▸ **Goal of the exercise**: Write out, word for word and with no pictures, each line below from the one containing "①导热 ②延展 ③银白 ④大 ⑤低 ⑥含碳量不同 ⑦铝 ⑧钙 ⑨铁 ⑩汞 ⑪钨" through the one containing "This is a brief", both included, and no other line.

▸ **Information shown**:
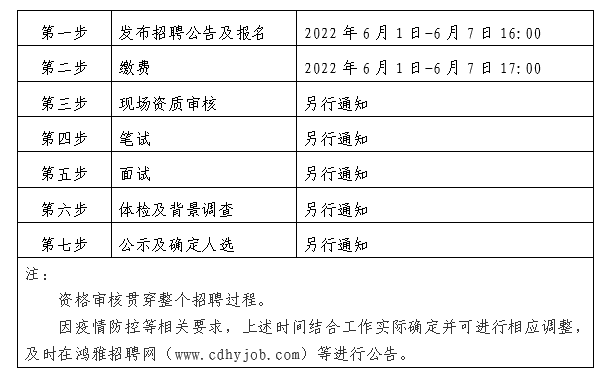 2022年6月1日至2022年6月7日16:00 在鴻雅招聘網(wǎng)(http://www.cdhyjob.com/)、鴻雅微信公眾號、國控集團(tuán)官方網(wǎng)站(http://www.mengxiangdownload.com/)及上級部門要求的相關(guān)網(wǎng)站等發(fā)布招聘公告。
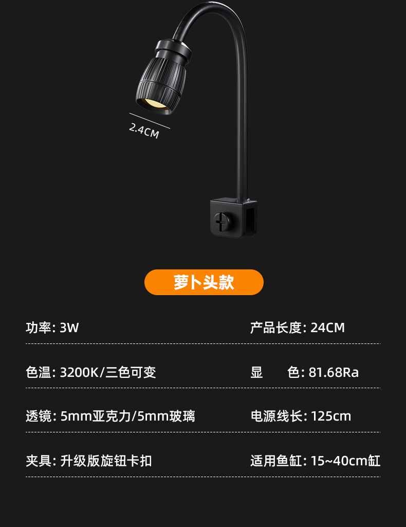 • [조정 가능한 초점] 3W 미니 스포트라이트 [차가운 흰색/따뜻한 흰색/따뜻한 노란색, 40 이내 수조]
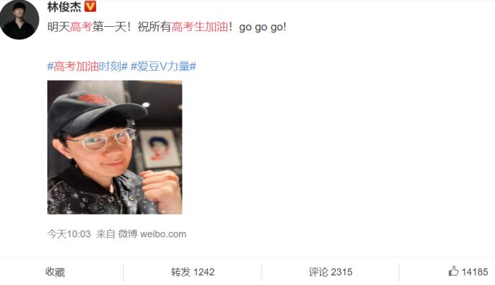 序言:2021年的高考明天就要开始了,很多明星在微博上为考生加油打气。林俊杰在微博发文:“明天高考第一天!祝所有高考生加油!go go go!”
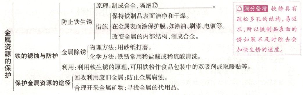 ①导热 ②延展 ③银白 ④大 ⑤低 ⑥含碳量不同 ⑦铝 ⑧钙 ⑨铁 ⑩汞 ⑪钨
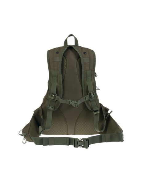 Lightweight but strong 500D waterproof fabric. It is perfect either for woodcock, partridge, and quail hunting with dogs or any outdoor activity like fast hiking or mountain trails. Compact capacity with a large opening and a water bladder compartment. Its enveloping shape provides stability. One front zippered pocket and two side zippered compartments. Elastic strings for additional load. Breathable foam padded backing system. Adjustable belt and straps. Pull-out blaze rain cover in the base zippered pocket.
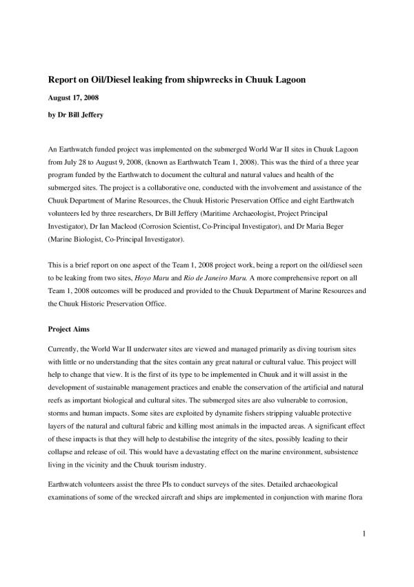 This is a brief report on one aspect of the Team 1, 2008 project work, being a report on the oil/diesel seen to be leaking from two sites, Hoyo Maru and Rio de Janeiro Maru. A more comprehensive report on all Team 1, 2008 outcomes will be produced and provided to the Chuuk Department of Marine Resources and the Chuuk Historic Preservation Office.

--

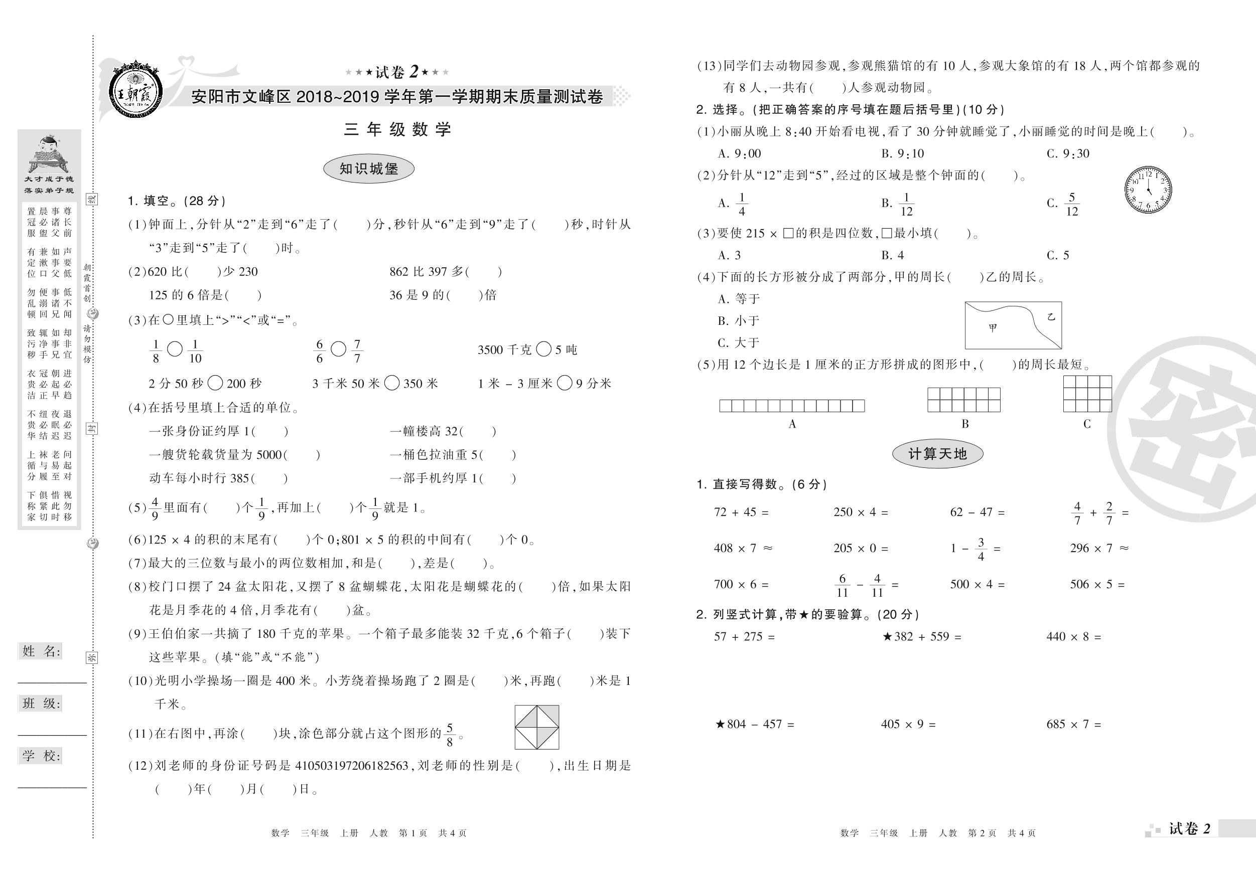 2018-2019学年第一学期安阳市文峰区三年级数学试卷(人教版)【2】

▸ **Problem solution**:
 ①导热 ②延展 ③银白 ④大 ⑤低 ⑥含碳量不同 ⑦铝 ⑧钙 ⑨铁 ⑩汞 ⑪钨
 Lightweight but strong 500D waterproof fabric. It is perfect either for woodcock, partridge, and quail hunting with dogs or any outdoor activity like fast hiking or mountain trails. Compact capacity with a large opening and a water bladder compartment. Its enveloping shape provides stability. One front zippered pocket and two side zippered compartments. Elastic strings for additional load. Breathable foam padded backing system. Adjustable belt and straps. Pull-out blaze rain cover in the base zippered pocket.
 This is a brief report on one aspect of the Team 1, 2008 project work, being a report on the oil/diesel seen to be leaking from two sites, Hoyo Maru and Rio de Janeiro Maru. A more comprehensive report on all Team 1, 2008 outcomes will be produced and provided to the Chuuk Department of Marine Resources and the Chuuk Historic Preservation Office.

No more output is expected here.